Dataset excerpt:
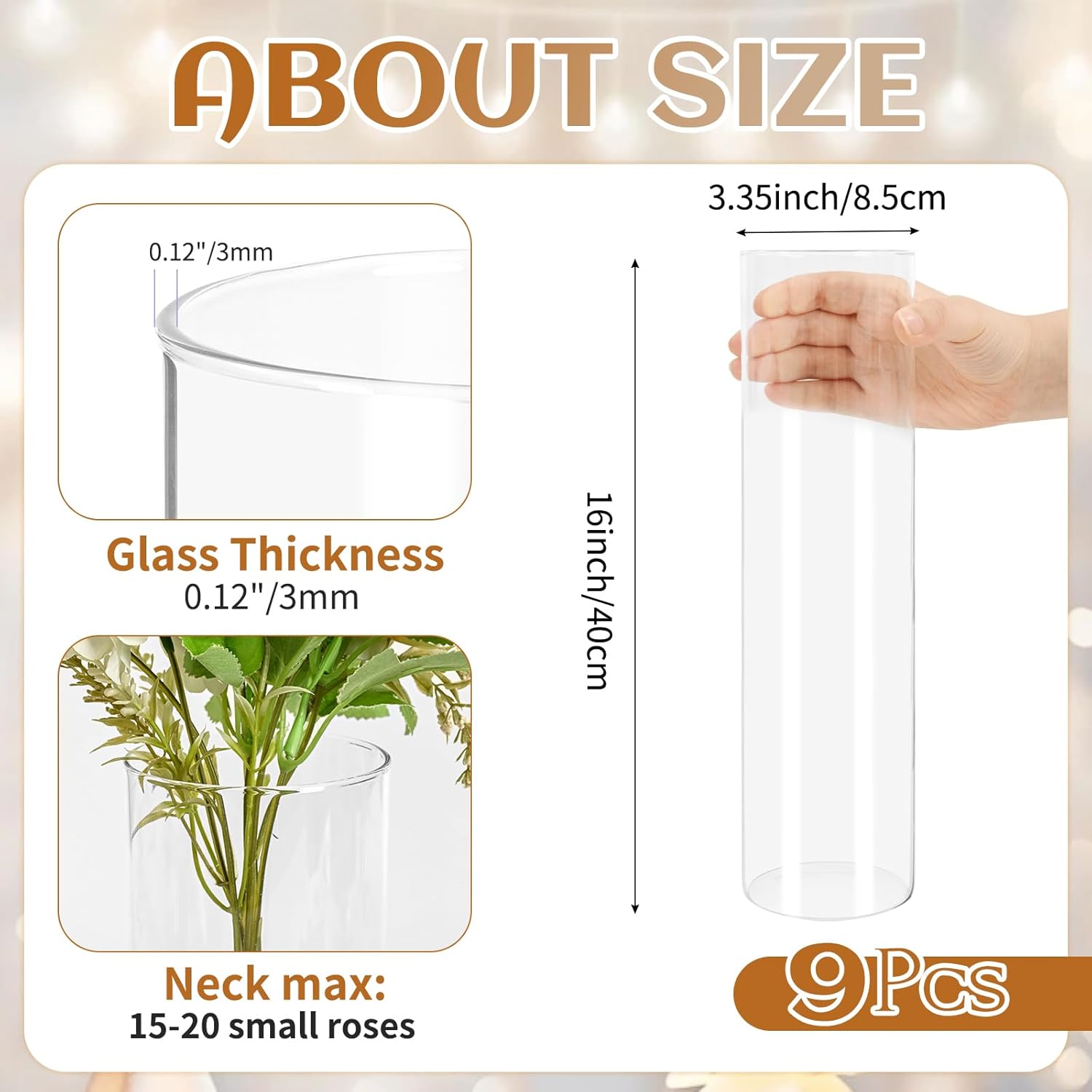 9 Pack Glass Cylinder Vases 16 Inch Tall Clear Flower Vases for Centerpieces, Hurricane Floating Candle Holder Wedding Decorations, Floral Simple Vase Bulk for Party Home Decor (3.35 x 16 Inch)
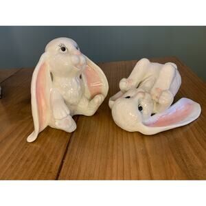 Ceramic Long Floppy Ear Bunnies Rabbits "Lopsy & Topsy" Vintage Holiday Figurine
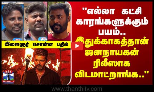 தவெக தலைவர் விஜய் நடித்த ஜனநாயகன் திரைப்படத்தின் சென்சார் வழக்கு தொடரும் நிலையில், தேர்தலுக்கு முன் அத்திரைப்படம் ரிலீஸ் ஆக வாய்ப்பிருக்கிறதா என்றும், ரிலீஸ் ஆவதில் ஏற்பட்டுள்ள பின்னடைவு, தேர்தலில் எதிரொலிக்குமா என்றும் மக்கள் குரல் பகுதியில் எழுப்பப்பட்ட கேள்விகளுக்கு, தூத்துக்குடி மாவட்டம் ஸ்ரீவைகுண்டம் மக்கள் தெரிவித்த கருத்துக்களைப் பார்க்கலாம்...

Task brief:
Nothing but the lines from the first line of the data above through the line holding "Ceramic Long Floppy" may appear in the response, copied exactly and without pictures.

Written response:
 9 Pack Glass Cylinder Vases 16 Inch Tall Clear Flower Vases for Centerpieces, Hurricane Floating Candle Holder Wedding Decorations, Floral Simple Vase Bulk for Party Home Decor (3.35 x 16 Inch)
 Ceramic Long Floppy Ear Bunnies Rabbits "Lopsy & Topsy" Vintage Holiday Figurine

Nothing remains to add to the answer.